L’assenza o la scarsa rappresentazione dell’abete bianco tra i resti vegetali rinvenuti negli accampamenti mesolitici d’alta quota (Passo della Comunella, Lama Lite, Monte Bagioletto), non è in contraddizione con tale quadro, in quanto può essere spiegata con particolari condizioni locali, quali l’esposizione e l’alta quota dei siti stessi. Ai margini del bosco rado, in corrispondenza con aree umide, è presente una vegetazione erbacea igrofila (Biagi et al. 1980).

50 3.3.4. La fascia cacuminale

Il limite della vegetazione arborea durante l’optimum climatico atlantico è stato stimato, per l’Appennino settentrionale, attorno ai 2000 m, ossia circa 150-200 m sopra quello attuale (Ravazzi & Aceti 2004). La fascia vegetazionale posta al di sopra di esso risulta dunque assai ridotta, in quanto solo poche vette nel settore bolognese- modenese-reggiano superano tale quota.
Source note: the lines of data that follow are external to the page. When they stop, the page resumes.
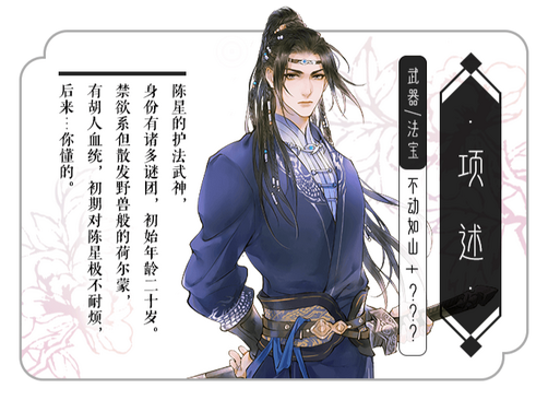 - (his identity revealed early on in the story) Half Hu, Half Han, the Great Chanyu of the Hu People
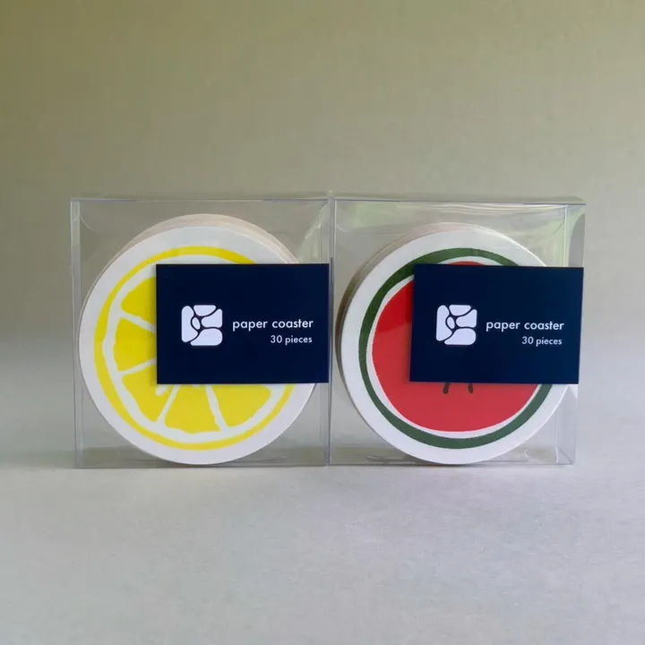 厚さ約1mm 直径9cmの紙コースターのセットになります。 高吸水性の専用紙を使用しており、コップやペットボトルの水滴をしっかり吸いとります。 デイユースはもちろん、ホームパーティを開いたり、仕事でのちょっとした来客への対応時。 はたまたキャンプやバーベキューといったアウトドアなど、様々な場面での使用が想定いただけます。 そして使用した後は捨てるだけ。 面倒な後片付けもなく楽ちん。 10枚セットはチャック袋 30枚セットはクリアケース付きで持ち運びにも便利です。
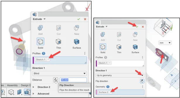 Click Flip Direction. The Extrude direction arrow points backwards.
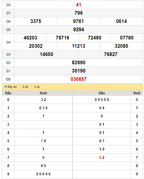 - Giải đặc biệt: đầu 7 – đuôi 2
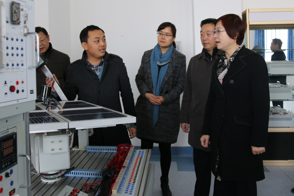 王海燕、王雁一行參觀了我院能源工程系熱工實驗室、電氣綜合實驗室、光伏發(fā)電系統(tǒng)實驗室、光伏發(fā)電系統(tǒng)仿真與測試實驗室、光伏器件生產(chǎn)實驗室和醫(yī)學(xué)實驗實訓(xùn)室、生命科技館、無紙化考試中心等地,就實驗實訓(xùn)設(shè)備的功能和在教學(xué)中的應(yīng)用做了詳細了解。

E’ noto tuttavia che la copertura arborea non raggiunge in genere le cime più elevate delle catene montuose e non tocca le creste, in quanto le condizioni climatiche locali, in particolare l’azione del vento, le rapide variazioni di temperatura e la siccità dell’aria favoriscono piuttosto le forme erbacee e arbustive (Chiarugi 1939, Pirola 1980).

Una ricostruzione della composizione di tale fascia vegetazionale, nonostante la sua scarsa diffusione, può essere tentata sulla base dei risultati delle analisi polliniche eseguite su campioni raccolti sulle pendici del monte Cimone (Appennino modenese), alla quota di 1800 m. Nel corso dell’Atlantico la vegetazione è caratterizzata da una netta prevalenza delle erbacee: Graminacee e Ciperacee, favorite dalla presenza di un’area umida, accompagnate da Ericales, Artemisia e Caryophyllaceae (Bertolani Marchetti 1963). Non si può dunque parlare dello sviluppo di una vera e propria prateria alpina, ma la presenza del vaccinieto costituisce un elemento di interesse, anche per il possibile impiego come fonte alimentare da parte dei gruppi di cacciatori-raccoglitori.